Whenever the sand became too soft to bear the weight of the truck, they stopped it immediately. They used ten feet long strips of steel, placing them together in order to make a runway to drive the truck. In this way, they managed to drive the heavy truck in the trackless desert with its soft sand.
Q 6. What did the driver of the truck tell Christopher about three Englishmen who had attempted to cross the desert?
The driver of the truck told Christopher about the recent case of three Englishmen who had attempted to cross the desert in a car with only one day’s water supply. Their car got stuck in a sand dune and three days later their bodies were found dried up like leaves. In their desperate thirst, they had even drained the radiator and oil from the crank-case of their car. In this way, the truck driver shared the grim details of the incident with him.
Q 7. Give an account of the little town, named El Golea, and compare it with In Salah, bringing out the difference between the two.
El Golea was a fascinating little town which appeared like an oasis where a lot of water was available. There were pools of cool water in which Christopher would take long baths and lay on the cool grass beside the pool, watching the birds eating dates.

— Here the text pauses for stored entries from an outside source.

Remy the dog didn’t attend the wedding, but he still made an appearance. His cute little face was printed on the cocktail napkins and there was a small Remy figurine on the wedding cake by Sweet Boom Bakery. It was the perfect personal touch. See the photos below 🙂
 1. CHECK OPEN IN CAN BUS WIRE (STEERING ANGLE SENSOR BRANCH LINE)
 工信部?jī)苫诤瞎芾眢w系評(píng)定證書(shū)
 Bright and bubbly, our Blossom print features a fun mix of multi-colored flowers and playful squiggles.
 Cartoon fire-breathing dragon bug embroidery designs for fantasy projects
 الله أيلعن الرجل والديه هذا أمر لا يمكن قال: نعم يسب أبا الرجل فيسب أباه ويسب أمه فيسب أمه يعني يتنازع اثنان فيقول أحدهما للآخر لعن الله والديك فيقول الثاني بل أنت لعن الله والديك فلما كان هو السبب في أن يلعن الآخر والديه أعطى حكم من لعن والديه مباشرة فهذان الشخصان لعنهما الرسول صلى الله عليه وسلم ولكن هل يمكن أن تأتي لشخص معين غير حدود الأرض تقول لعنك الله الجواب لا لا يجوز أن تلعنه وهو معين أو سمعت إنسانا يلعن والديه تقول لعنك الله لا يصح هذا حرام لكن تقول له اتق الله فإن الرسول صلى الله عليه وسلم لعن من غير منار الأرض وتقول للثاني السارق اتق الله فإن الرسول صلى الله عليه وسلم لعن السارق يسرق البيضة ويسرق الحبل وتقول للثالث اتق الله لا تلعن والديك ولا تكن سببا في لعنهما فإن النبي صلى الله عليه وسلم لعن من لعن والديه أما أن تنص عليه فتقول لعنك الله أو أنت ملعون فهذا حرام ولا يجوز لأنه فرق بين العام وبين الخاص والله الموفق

On the other hand, In Salah was far different from El Golea. It was a barren desert which was fighting for its survival and expected to be buried in the sand soon, as opposed to El Golea which had swimming pools and exotic plants and trees.

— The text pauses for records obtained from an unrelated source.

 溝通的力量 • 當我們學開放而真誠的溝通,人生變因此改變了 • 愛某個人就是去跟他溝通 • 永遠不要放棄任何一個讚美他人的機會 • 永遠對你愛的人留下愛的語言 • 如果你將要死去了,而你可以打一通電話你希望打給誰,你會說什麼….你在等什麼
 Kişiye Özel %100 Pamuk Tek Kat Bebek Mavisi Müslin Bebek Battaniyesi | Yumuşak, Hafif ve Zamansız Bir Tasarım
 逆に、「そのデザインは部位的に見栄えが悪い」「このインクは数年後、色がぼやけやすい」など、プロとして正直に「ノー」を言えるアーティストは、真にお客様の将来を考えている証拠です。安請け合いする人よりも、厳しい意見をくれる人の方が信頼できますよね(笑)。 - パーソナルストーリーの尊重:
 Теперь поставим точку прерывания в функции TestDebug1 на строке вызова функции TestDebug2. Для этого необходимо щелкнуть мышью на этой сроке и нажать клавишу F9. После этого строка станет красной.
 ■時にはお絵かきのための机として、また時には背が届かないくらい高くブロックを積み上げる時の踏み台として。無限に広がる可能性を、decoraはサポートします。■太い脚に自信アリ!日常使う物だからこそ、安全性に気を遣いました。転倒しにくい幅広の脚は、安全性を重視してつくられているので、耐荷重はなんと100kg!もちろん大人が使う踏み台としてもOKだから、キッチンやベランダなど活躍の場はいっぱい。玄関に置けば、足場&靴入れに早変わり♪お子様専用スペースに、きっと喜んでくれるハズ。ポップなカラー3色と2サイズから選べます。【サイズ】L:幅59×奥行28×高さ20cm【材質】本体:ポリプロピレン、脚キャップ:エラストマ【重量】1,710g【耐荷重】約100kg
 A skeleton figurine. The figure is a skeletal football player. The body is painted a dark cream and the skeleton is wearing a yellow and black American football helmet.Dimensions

Q 8. What do you know of Professor Claude Balanguernon?
Professor Claude Balanguernon was a wise, devoted and helping Frenchman. He adapted himself to the local traditions of Tuareg tribesmen to be able to educate them. He acted as Christopher’s guide, host, and friend, who also arranged an educated guide for him during his stay at Tamanrasset. On reaching Agades, he realised that Christopher must have been missed somewhere on the road and might be waiting there. So, he informed the Desert Patrol who sent out four trucks to visit In Abbangarit. In this way, Christopher’s life was saved because of Professor Claud’s wisdom.

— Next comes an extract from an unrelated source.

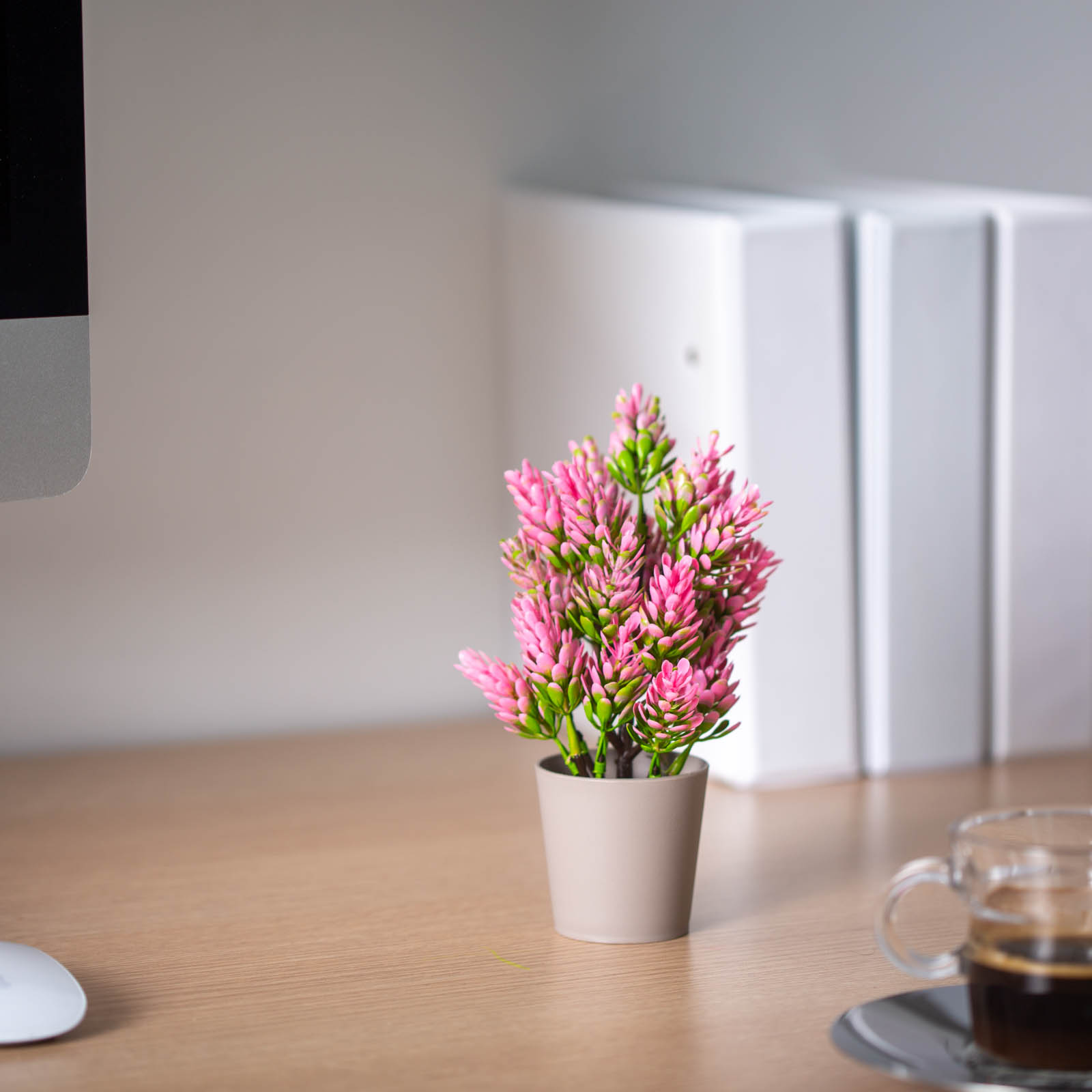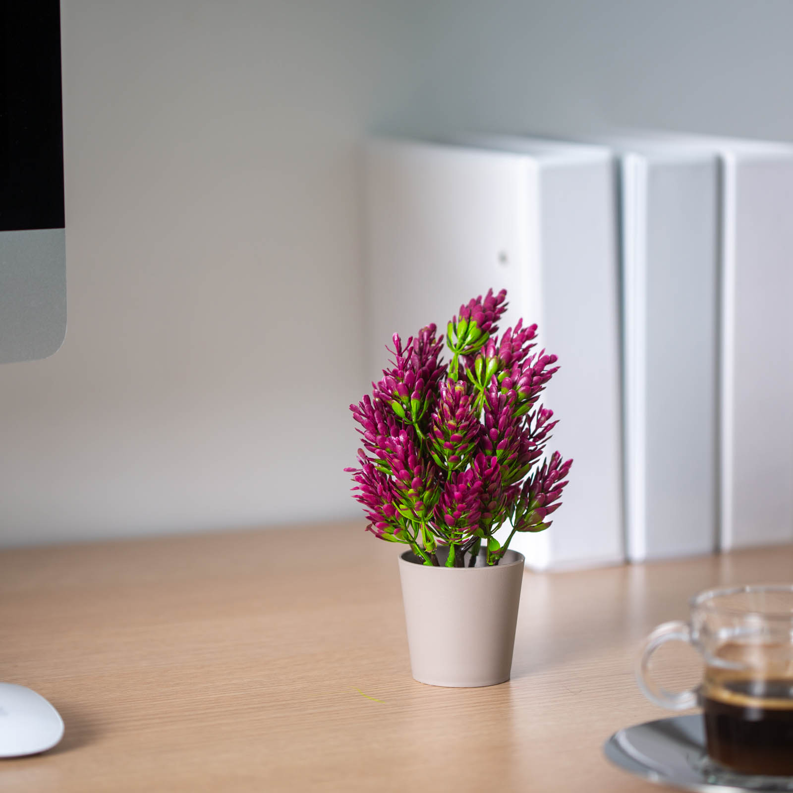 Descoperiti simplitatea de a va decora casa, biroul sau spatiul comunitar cu aceasta planta artificiala magica, decorativa!O planta artificiala eleganta, cu aspect elegant, culoarea sa realista si detaliile bogate vor da viata oricarui spatiu. Aceasta planta ornamentala va adauga instantaneu prospetime si naturalete mediului inconjurator, in timp ce se imbina perfect cu interioarele minimaliste, moderne sau chiar traditionale.Plantele artificiale pot fi o alegere ideala pentru orice mediu, deoarece nu numai ca ofera un aspect estetic, dar au si un efect pozitiv asupra starii de spirit. Mediul calm si armonios creat de plantele verzi ajuta la reducerea stresului si la imbunatatirea bunastarii generale. In acelasi timp, poate fi folosit si pentru a decora spatii cu putina lumina in care este ingreunata cresterea plantelor vii.Disponibil in 4 culoriFara intretinereCulori fideleDetalii bogateAspect vesel Dimensiune:O12 x 18 cmMaterial:PlasticCuloare:Roz, albastru deschis, visiniu, galbenÂ

Q 9. Describe the events leading to the killing of a camel. What sort of water did they get from its stomach?
The four travellers found all the wells on their way completely dried up. They were left with no food or water and found vultures waiting for them to die. Since they could not travel hungry and thirsty, they decided to kill one out of six camels so that they could get the flesh and liquid from its stomach. The water that they got from its stomach was a greenish fluid which was like thin blood and was too stinky to drink.
Q 10. Describe the journey through the land of Thirst and Death.
Christopher and his companions passed the Land of Thirst and Death on their way to Kidal. It was notorious for severe sandstorms and dried-up water holes. Shortly after afternoon, the camels suddenly turned towards the right and Christopher experienced one of its sandstorms. The sand dunes seemed to be on fire and the peaks melted away. Then, it grew dark and Christopher was advised to hide behind his camel and cover his head. He felt the burning sand pierce through his clothes like needles. He was afraid of being buried alive in the sand. Fortunately, after half an hour, the storm ended but they found themselves covered by seventy-five millimetres of sand, which made them feel suffocated. Therefore, crossing the Land of Thirst and Death proved to be the most miserable part of his journey through the desert.
Q 11. Describe the stay at In Abbangarit. How did Christopher manage to get water there?
Christopher was left alone to stay at In Abbangarit by the boy who led him to the well. It was an uninhabited place where the only building was a bordj. It was a simple mud structure with a roof and four walls. There was one hole as a window and another as a door. Water was found there but it was around forty-six meters deep, so Christopher needed to arrange for a rope and a bucket. He used a teapot as a bucket and in order to make a rope, he tied up all the available bits of cord, articles of clothing, pieces of and the wire of his recording machine together but all in vain. Finally, he managed to get water thereby twisting the strands of wire of his recording machine to the teapot.